Raspberry 

University of Oregon Special Collections and University Archives. For a digitization of the entire book, see:

https://oregondigital.org/catalog/oregondigital:df735x09c

Thornton, Robert John. A New Family Herbal or Familiar Account of the Medical Properties of British and Foreign plants also their uses in Dying, 1814, Special Collections and University Archives, University of Oregon Libraries, Eugene, Oregon. QK99 .A1 T56.

At first glance, this illustration of a raspberry bush may seem ordinary. But for the nineteenth-century eye, the sole red berry leaps off the page from its stark white backdrop. Physician and botanist Robert Thornton describes his work as “humble,” but these hand-painted images were at the time quite controversial. Thornton’s book was largely influenced by the work of Carl Linnaeus, someone who stood in firm opposition to most visual representations, and to color. As a result, many botanical texts had taken a step back from color, including Linnaeus' own publications, which included no images at all.  For Thornton, it was “humble” in contrast to his previous works that were filled with saturated illustrations of plants in rich landscapes. But in his “family” herbal, Thornton seeks to make the work of Linnaeus palatable to a less wealthy and learned readership . With this audience in mind, Thornton used the newly developed and cheaper wood-engraving method (in contrast to copperplate engraving) to keep costs low.
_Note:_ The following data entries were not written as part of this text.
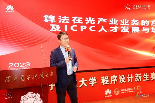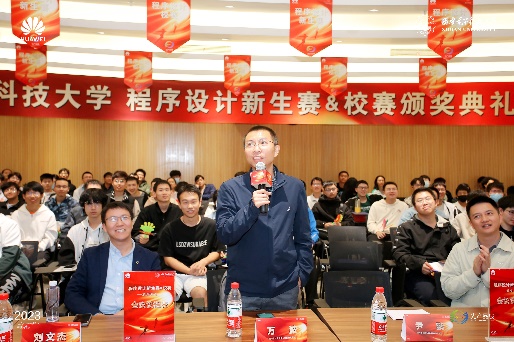 华为技术有限公司赞助了本届程序设计竞赛以及2022程序设计新生赛,2023年5月7日为本届校赛及78名新生赛获奖同学举行了颁奖会,我校创新创业学院副院长尹鹏、计算机科学与技术学院副院长暨程序设计竞赛基地主任万波教授出席颁奖会并作了发言,华为光产品线代表刘文杰、雷俭、陈晓磊、陈泽等介绍了算法在光产业业务中的应用,就ICPC人才发展与培养等问题与同学们进行了充分交流。
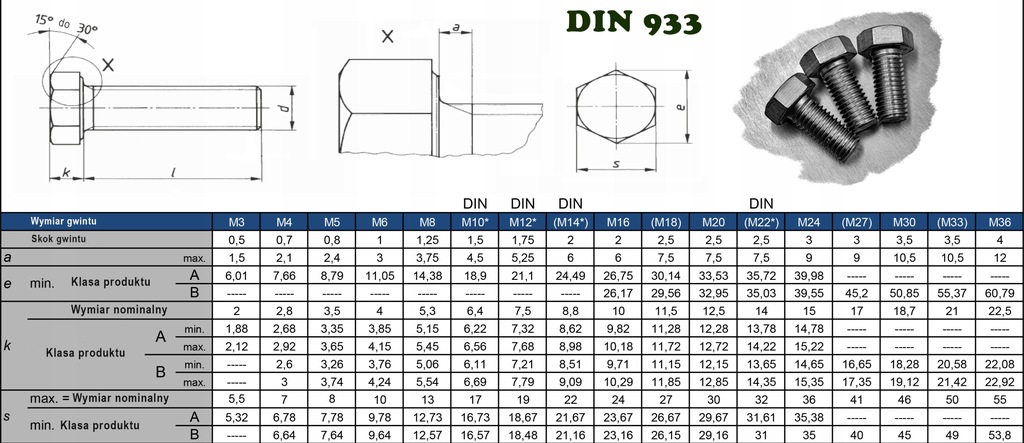 ŚRUBA Z ŁBEM SZEŚCIOKĄTNYM Z GWINTEM PEŁNYM DIN 933
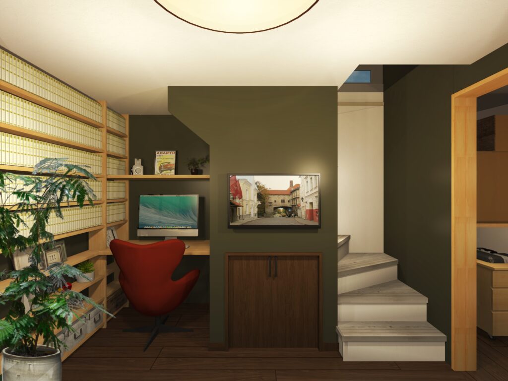 地下室を仕事部屋にすると、仕事(地下)とプライベート(地上)の切り替えがしやすく、気持ちのスイッチを自然に入れ替えられるのも魅力です。

We do not see the full-scale Linnaean influence one might expect, like imagery of botanical sexual anatomy, but each plant does have a brief description of its Linnaean classification to gradually acclimate the reader. Nowadays, we tend to think of Linnaeus as inherently famous, but it was actually works like Thornton’s that  helped establish his scientific authority for a broad public in competition with the many other taxonomic systems available at the time.